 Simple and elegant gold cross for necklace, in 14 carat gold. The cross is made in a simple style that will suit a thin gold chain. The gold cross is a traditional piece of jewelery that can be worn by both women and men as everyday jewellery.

---

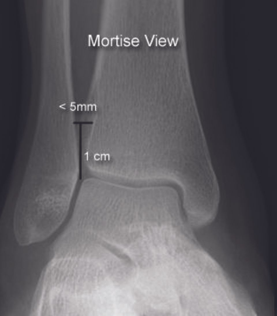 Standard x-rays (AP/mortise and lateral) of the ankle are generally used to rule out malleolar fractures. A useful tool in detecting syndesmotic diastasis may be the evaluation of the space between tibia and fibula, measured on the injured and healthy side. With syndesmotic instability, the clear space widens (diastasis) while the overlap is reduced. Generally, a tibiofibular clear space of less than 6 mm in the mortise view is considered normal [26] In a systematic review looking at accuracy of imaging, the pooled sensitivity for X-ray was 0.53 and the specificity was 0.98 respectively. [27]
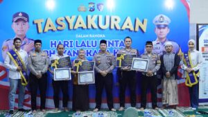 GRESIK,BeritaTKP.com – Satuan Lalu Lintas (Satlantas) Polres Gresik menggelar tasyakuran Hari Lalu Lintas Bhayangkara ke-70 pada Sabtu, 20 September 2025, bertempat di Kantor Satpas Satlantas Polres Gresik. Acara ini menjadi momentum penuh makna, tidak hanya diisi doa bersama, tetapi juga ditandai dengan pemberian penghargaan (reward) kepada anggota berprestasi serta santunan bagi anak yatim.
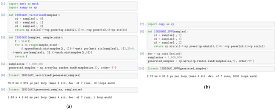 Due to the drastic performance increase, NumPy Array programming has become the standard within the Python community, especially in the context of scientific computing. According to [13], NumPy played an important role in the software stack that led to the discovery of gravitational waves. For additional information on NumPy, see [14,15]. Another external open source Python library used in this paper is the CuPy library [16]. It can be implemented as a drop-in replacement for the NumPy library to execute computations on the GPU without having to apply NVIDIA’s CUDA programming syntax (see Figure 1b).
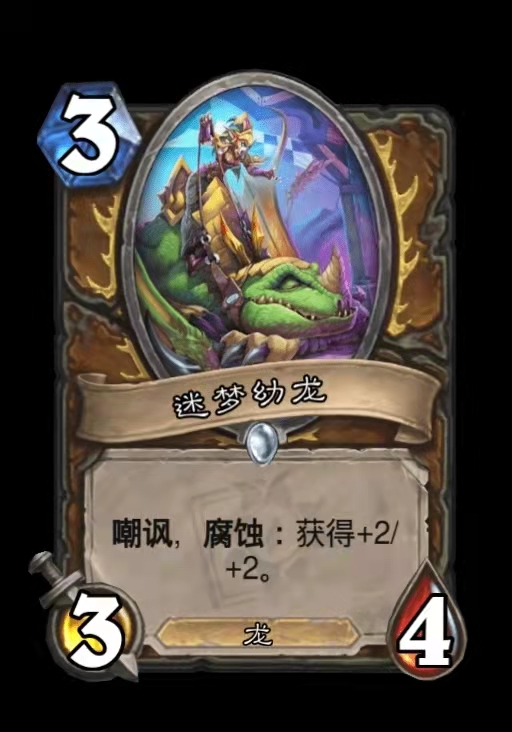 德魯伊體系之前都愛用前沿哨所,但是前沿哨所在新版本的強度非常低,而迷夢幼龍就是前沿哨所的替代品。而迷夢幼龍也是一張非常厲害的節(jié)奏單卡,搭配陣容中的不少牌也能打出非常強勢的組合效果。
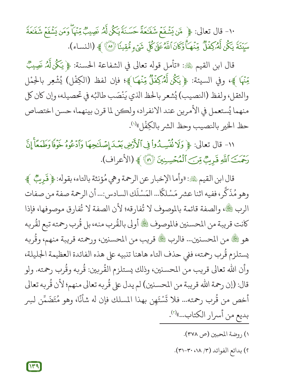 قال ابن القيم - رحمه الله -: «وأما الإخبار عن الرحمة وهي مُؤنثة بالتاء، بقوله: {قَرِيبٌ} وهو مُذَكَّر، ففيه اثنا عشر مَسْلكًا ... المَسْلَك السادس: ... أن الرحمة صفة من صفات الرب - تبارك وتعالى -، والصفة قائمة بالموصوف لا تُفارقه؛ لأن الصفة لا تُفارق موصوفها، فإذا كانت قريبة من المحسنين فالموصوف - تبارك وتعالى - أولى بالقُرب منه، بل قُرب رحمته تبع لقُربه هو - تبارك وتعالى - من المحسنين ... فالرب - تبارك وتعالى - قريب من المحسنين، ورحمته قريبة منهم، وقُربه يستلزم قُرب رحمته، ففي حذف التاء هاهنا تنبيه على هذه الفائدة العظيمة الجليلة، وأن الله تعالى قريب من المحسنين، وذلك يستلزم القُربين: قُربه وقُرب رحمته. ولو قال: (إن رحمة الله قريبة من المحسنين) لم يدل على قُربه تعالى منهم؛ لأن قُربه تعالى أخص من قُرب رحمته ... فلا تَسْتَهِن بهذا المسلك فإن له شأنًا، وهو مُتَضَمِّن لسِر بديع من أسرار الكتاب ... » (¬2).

==

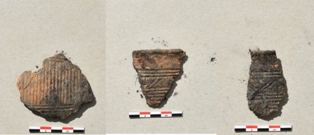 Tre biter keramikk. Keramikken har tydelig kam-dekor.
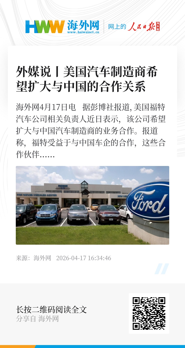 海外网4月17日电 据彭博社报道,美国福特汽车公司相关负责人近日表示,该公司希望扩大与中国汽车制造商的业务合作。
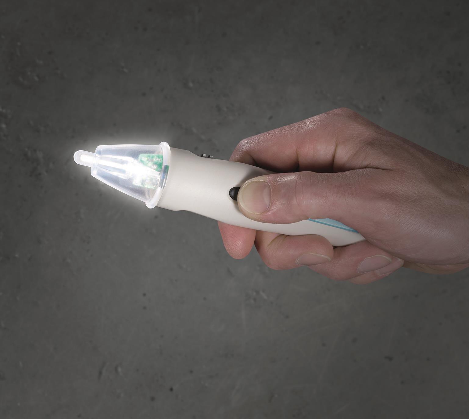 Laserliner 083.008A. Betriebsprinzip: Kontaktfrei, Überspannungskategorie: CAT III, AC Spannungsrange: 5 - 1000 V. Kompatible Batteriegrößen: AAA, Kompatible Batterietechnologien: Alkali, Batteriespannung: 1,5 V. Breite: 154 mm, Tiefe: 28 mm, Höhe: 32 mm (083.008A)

Work instructions » Word for word, retype the lines in the entries above that run from the one with "德魯伊體系之前都愛用前沿哨所" through the one with "قال ابن القيم". Both ends count; pictures do not.

Exercise answer »
 德魯伊體系之前都愛用前沿哨所,但是前沿哨所在新版本的強度非常低,而迷夢幼龍就是前沿哨所的替代品。而迷夢幼龍也是一張非常厲害的節(jié)奏單卡,搭配陣容中的不少牌也能打出非常強勢的組合效果。
 قال ابن القيم - رحمه الله -: «وأما الإخبار عن الرحمة وهي مُؤنثة بالتاء، بقوله: {قَرِيبٌ} وهو مُذَكَّر، ففيه اثنا عشر مَسْلكًا ... المَسْلَك السادس: ... أن الرحمة صفة من صفات الرب - تبارك وتعالى -، والصفة قائمة بالموصوف لا تُفارقه؛ لأن الصفة لا تُفارق موصوفها، فإذا كانت قريبة من المحسنين فالموصوف - تبارك وتعالى - أولى بالقُرب منه، بل قُرب رحمته تبع لقُربه هو - تبارك وتعالى - من المحسنين ... فالرب - تبارك وتعالى - قريب من المحسنين، ورحمته قريبة منهم، وقُربه يستلزم قُرب رحمته، ففي حذف التاء هاهنا تنبيه على هذه الفائدة العظيمة الجليلة، وأن الله تعالى قريب من المحسنين، وذلك يستلزم القُربين: قُربه وقُرب رحمته. ولو قال: (إن رحمة الله قريبة من المحسنين) لم يدل على قُربه تعالى منهم؛ لأن قُربه تعالى أخص من قُرب رحمته ... فلا تَسْتَهِن بهذا المسلك فإن له شأنًا، وهو مُتَضَمِّن لسِر بديع من أسرار الكتاب ... » (¬2).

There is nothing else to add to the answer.